Everything in the listing below must be reproduced exactly, apart from its images.

• [Collected data]:

◇ ◇ ◇

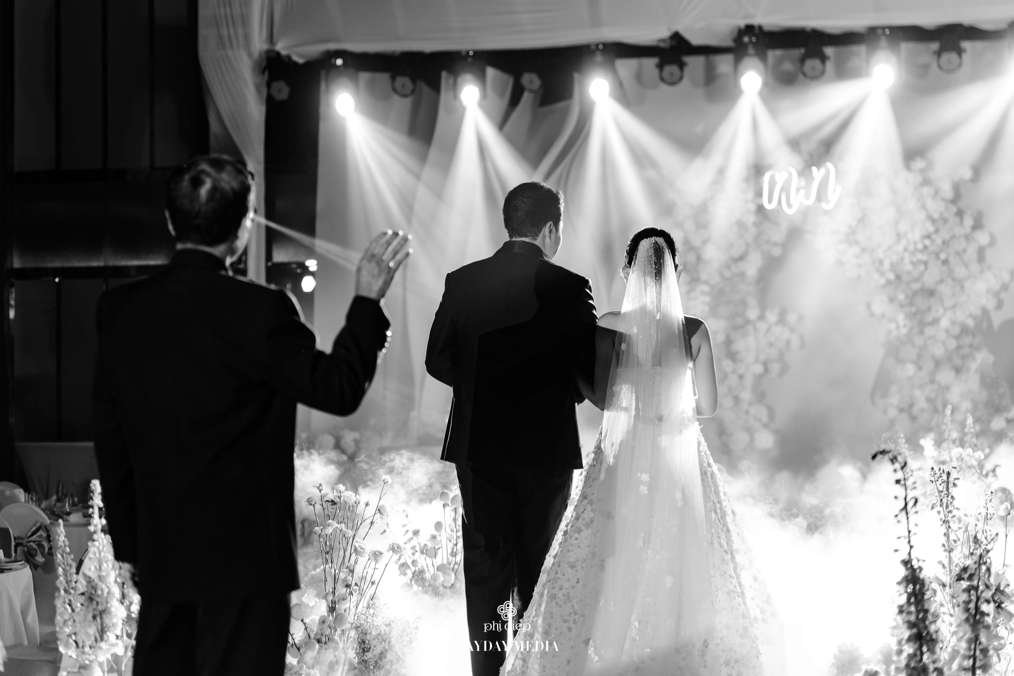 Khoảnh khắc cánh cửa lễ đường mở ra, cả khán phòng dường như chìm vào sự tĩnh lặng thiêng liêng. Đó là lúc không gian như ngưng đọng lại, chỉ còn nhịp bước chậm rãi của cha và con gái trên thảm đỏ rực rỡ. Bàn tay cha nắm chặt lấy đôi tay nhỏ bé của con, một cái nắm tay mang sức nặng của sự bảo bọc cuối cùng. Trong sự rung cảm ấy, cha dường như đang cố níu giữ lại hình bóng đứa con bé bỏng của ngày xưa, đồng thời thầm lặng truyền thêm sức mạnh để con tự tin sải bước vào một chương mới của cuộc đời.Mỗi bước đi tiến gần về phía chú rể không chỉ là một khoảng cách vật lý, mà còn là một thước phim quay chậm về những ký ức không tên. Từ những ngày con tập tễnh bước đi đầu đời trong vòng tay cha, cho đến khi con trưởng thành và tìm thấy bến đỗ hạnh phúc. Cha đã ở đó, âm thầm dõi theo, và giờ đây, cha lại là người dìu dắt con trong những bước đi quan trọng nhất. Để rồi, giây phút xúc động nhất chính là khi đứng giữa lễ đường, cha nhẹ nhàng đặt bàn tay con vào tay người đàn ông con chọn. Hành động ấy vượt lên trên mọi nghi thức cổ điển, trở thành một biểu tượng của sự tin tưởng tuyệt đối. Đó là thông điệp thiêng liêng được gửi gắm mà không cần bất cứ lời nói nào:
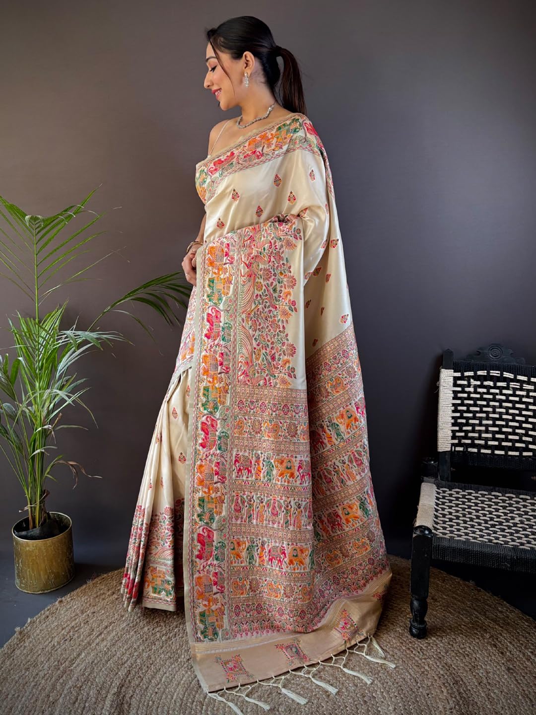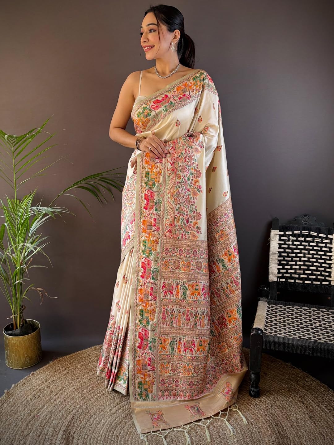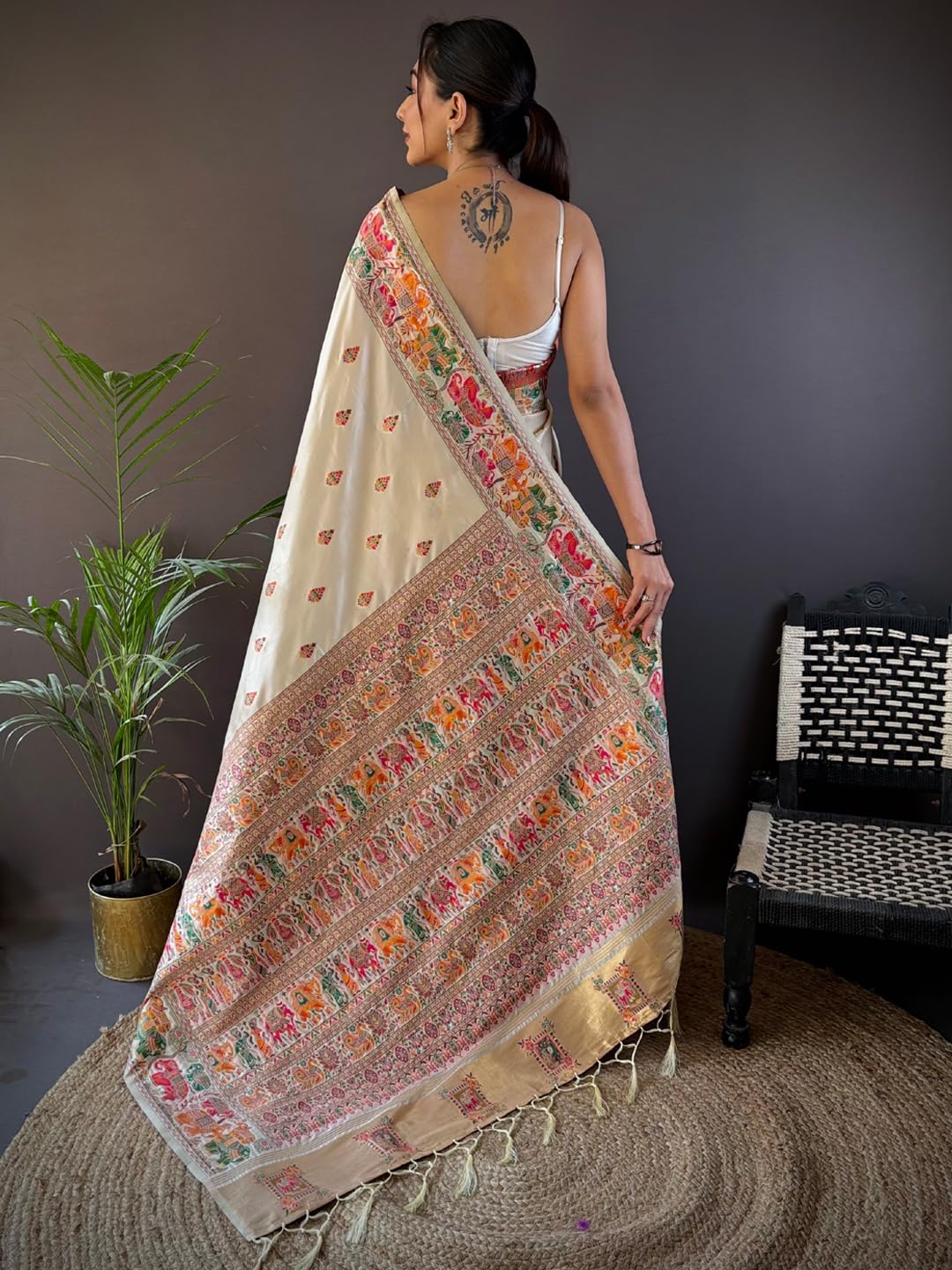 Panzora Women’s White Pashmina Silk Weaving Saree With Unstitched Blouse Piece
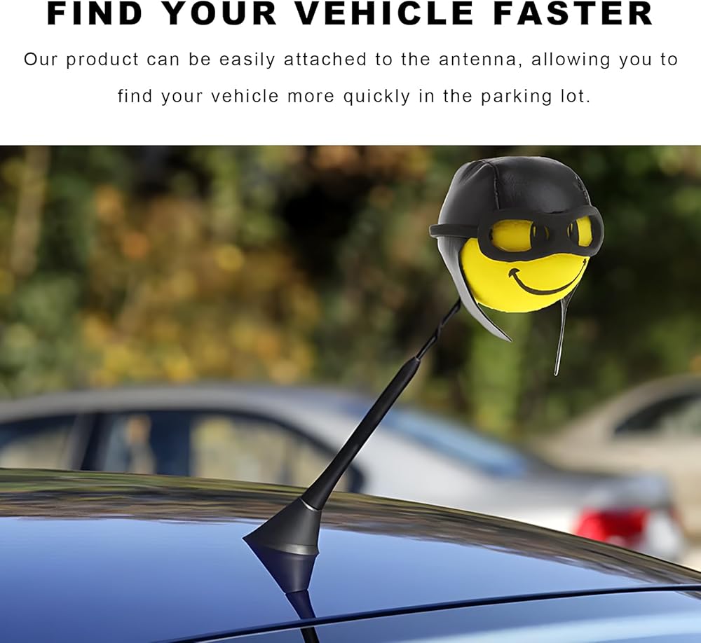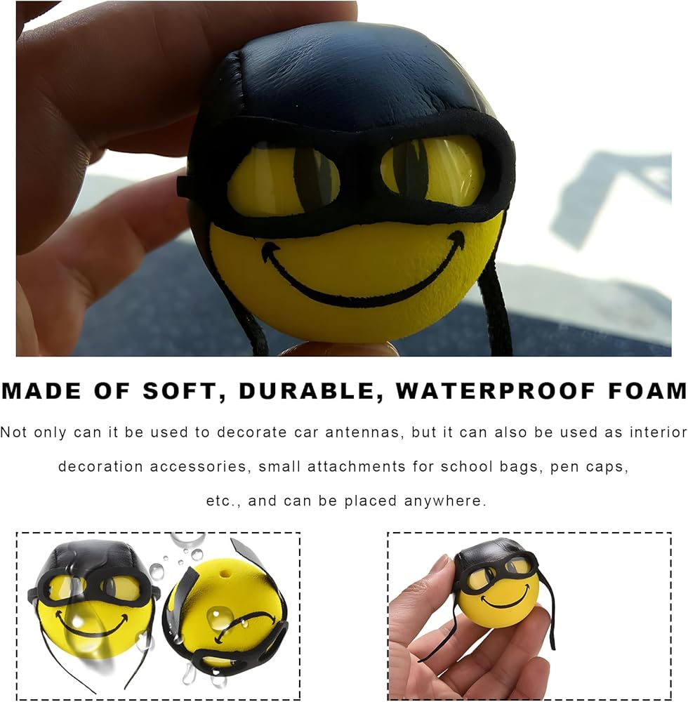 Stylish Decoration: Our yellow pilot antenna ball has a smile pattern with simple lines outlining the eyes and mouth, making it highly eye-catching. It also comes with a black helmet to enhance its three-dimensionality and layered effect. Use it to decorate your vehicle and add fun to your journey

◇ ◇ ◇

• [Written solution]:
 Khoảnh khắc cánh cửa lễ đường mở ra, cả khán phòng dường như chìm vào sự tĩnh lặng thiêng liêng. Đó là lúc không gian như ngưng đọng lại, chỉ còn nhịp bước chậm rãi của cha và con gái trên thảm đỏ rực rỡ. Bàn tay cha nắm chặt lấy đôi tay nhỏ bé của con, một cái nắm tay mang sức nặng của sự bảo bọc cuối cùng. Trong sự rung cảm ấy, cha dường như đang cố níu giữ lại hình bóng đứa con bé bỏng của ngày xưa, đồng thời thầm lặng truyền thêm sức mạnh để con tự tin sải bước vào một chương mới của cuộc đời.Mỗi bước đi tiến gần về phía chú rể không chỉ là một khoảng cách vật lý, mà còn là một thước phim quay chậm về những ký ức không tên. Từ những ngày con tập tễnh bước đi đầu đời trong vòng tay cha, cho đến khi con trưởng thành và tìm thấy bến đỗ hạnh phúc. Cha đã ở đó, âm thầm dõi theo, và giờ đây, cha lại là người dìu dắt con trong những bước đi quan trọng nhất. Để rồi, giây phút xúc động nhất chính là khi đứng giữa lễ đường, cha nhẹ nhàng đặt bàn tay con vào tay người đàn ông con chọn. Hành động ấy vượt lên trên mọi nghi thức cổ điển, trở thành một biểu tượng của sự tin tưởng tuyệt đối. Đó là thông điệp thiêng liêng được gửi gắm mà không cần bất cứ lời nói nào:
 Panzora Women’s White Pashmina Silk Weaving Saree With Unstitched Blouse Piece
 Stylish Decoration: Our yellow pilot antenna ball has a smile pattern with simple lines outlining the eyes and mouth, making it highly eye-catching. It also comes with a black helmet to enhance its three-dimensionality and layered effect. Use it to decorate your vehicle and add fun to your journey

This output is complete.